# [WHAT THE TASK REQUIRES]
Using only the entries below, copy exactly the lines that begin at the one with "Yusenyi Vacuum Compression" and end at the one with "The image shows", both included. Drop the pictures.

# [DATA TO USE]
__________
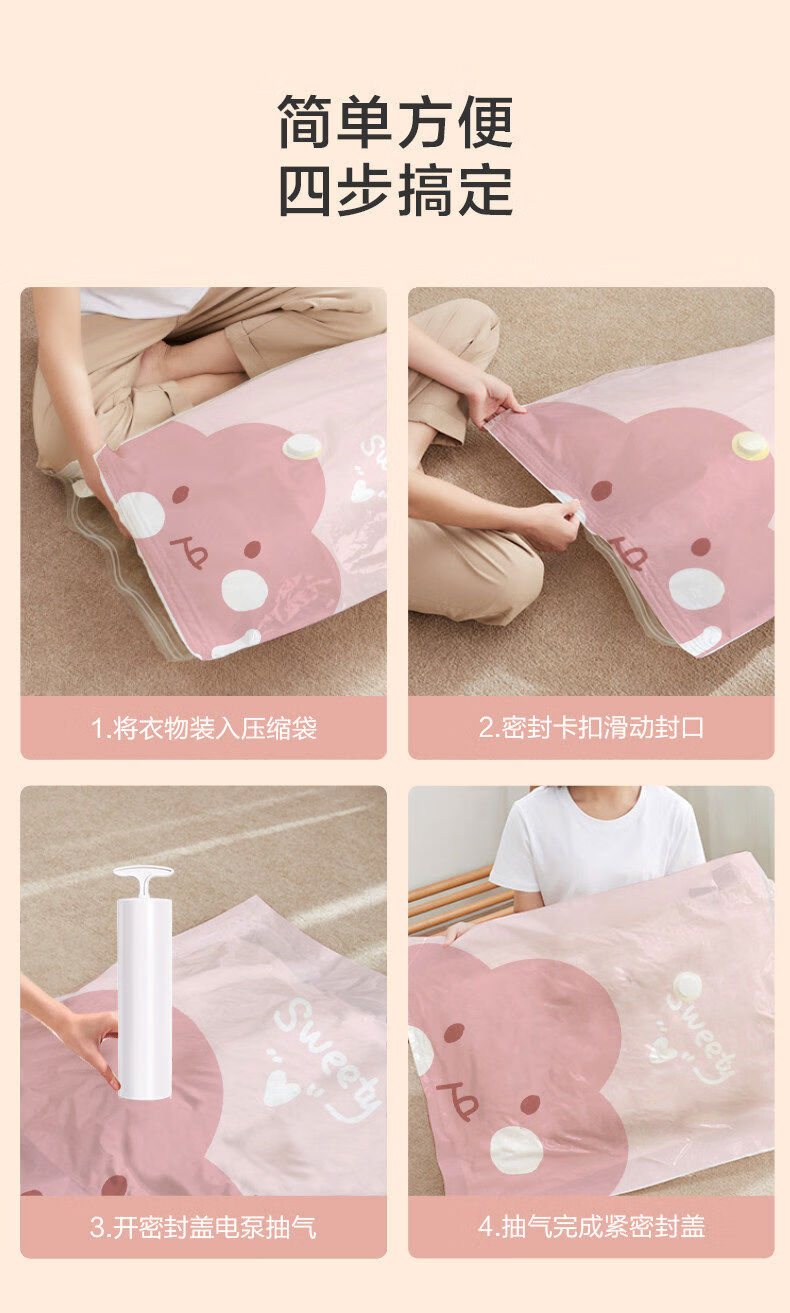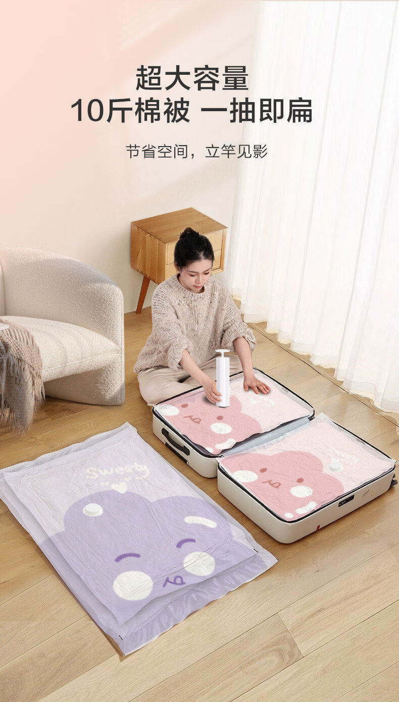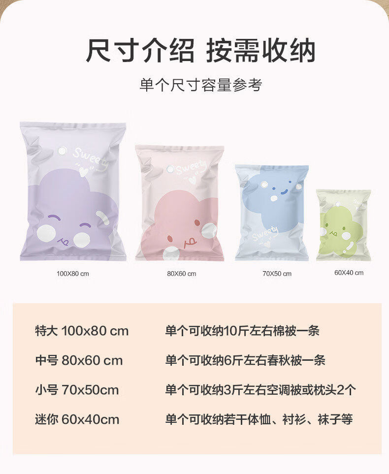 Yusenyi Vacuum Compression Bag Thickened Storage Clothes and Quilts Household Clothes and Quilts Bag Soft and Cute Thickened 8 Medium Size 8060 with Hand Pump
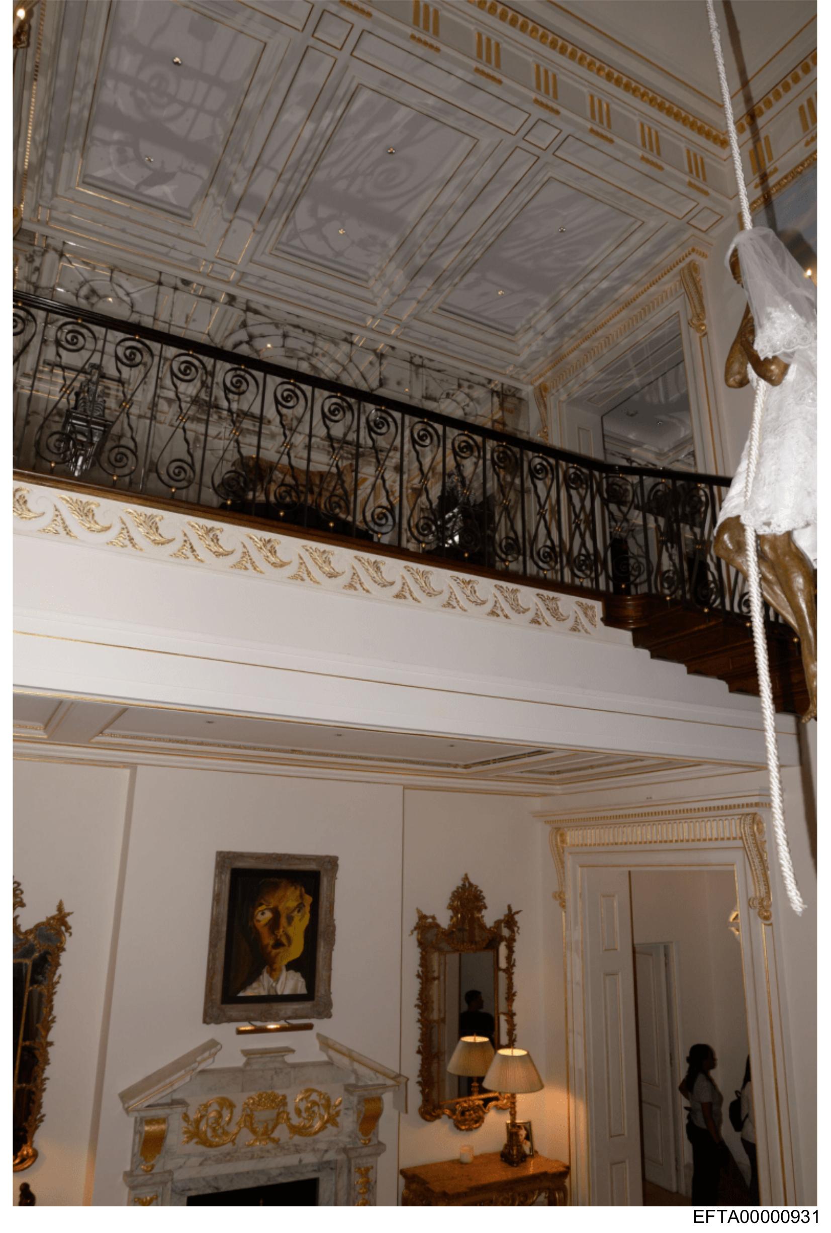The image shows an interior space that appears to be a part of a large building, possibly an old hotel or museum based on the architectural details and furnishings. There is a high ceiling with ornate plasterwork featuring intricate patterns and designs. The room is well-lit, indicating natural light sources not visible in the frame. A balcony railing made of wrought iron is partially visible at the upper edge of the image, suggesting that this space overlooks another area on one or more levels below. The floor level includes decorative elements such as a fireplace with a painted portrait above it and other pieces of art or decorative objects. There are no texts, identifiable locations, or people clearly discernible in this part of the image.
__________
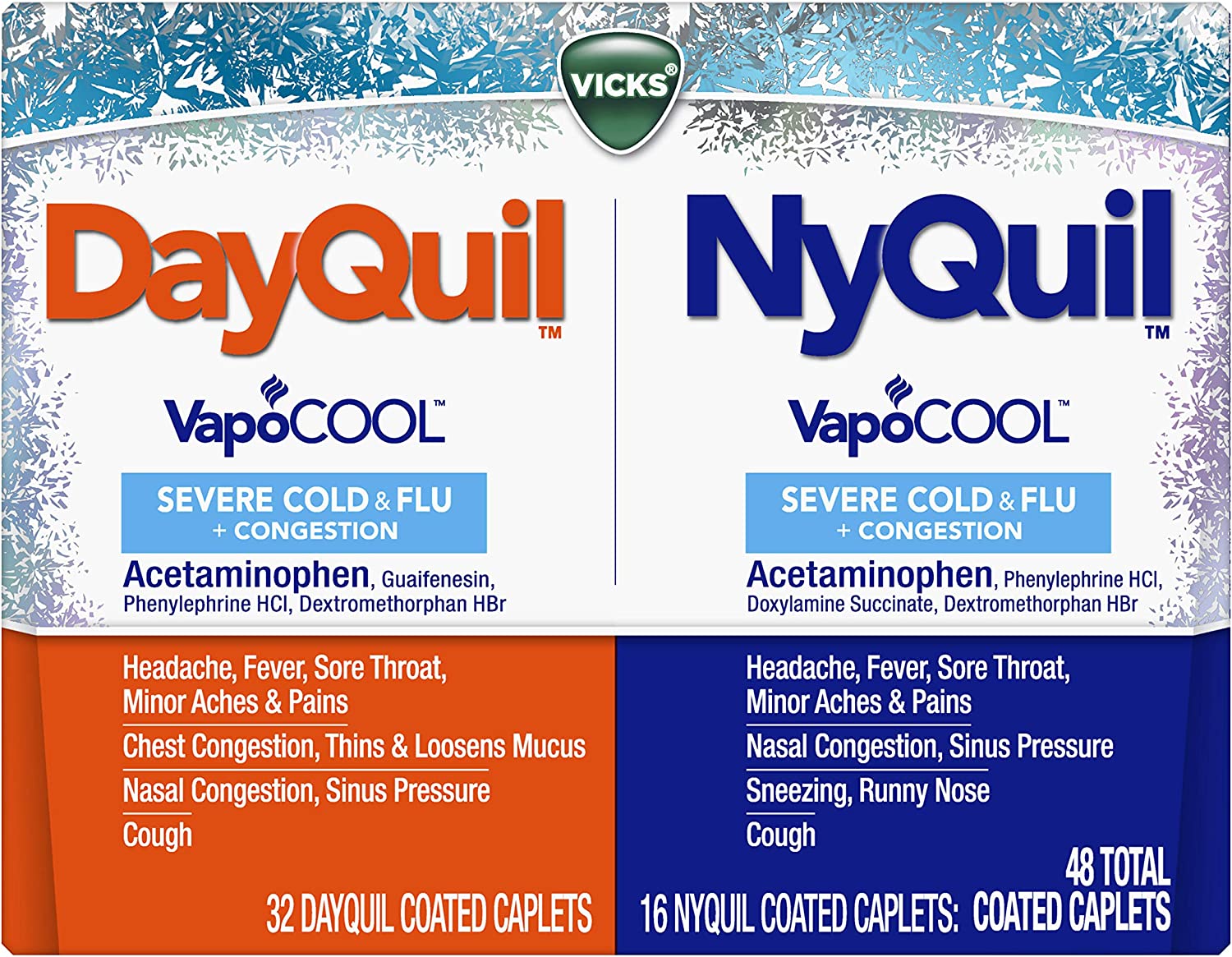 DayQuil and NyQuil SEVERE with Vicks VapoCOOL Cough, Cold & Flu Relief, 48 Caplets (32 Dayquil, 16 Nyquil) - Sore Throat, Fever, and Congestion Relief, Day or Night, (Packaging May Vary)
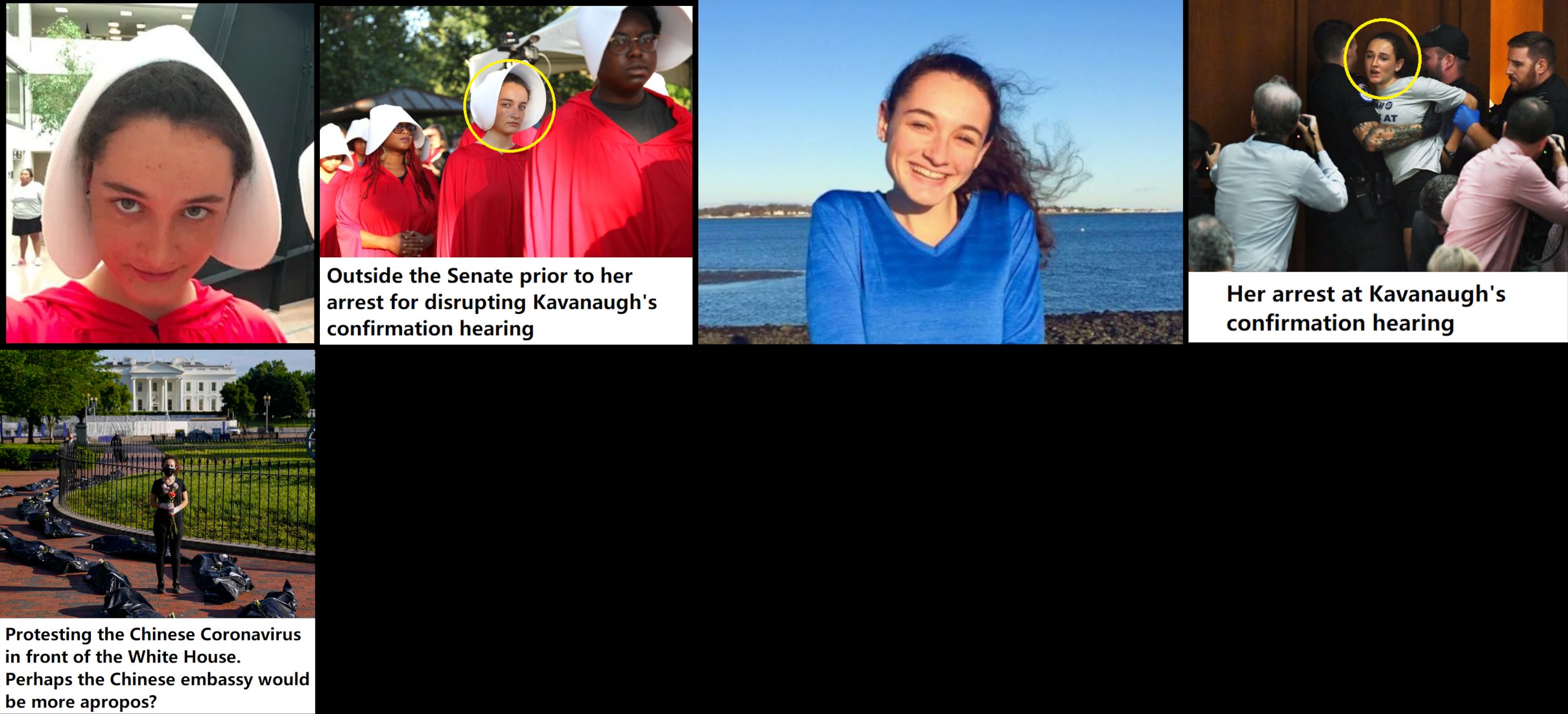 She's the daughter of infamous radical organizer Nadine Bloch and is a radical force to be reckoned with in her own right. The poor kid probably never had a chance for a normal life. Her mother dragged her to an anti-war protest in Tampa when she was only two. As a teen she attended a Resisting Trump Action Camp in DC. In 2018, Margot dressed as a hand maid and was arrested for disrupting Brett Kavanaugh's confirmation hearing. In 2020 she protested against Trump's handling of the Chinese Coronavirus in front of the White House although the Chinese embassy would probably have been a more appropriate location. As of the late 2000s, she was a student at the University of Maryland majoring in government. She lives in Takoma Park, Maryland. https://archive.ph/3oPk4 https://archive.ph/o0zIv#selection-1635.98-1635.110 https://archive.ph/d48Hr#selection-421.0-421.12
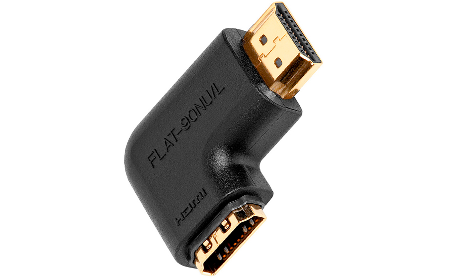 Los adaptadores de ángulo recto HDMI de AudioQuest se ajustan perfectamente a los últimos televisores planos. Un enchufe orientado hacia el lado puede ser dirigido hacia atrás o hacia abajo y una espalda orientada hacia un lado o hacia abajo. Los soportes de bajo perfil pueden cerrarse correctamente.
__________
# [RESULT BELOW]
 Yusenyi Vacuum Compression Bag Thickened Storage Clothes and Quilts Household Clothes and Quilts Bag Soft and Cute Thickened 8 Medium Size 8060 with Hand Pump
The image shows an interior space that appears to be a part of a large building, possibly an old hotel or museum based on the architectural details and furnishings. There is a high ceiling with ornate plasterwork featuring intricate patterns and designs. The room is well-lit, indicating natural light sources not visible in the frame. A balcony railing made of wrought iron is partially visible at the upper edge of the image, suggesting that this space overlooks another area on one or more levels below. The floor level includes decorative elements such as a fireplace with a painted portrait above it and other pieces of art or decorative objects. There are no texts, identifiable locations, or people clearly discernible in this part of the image.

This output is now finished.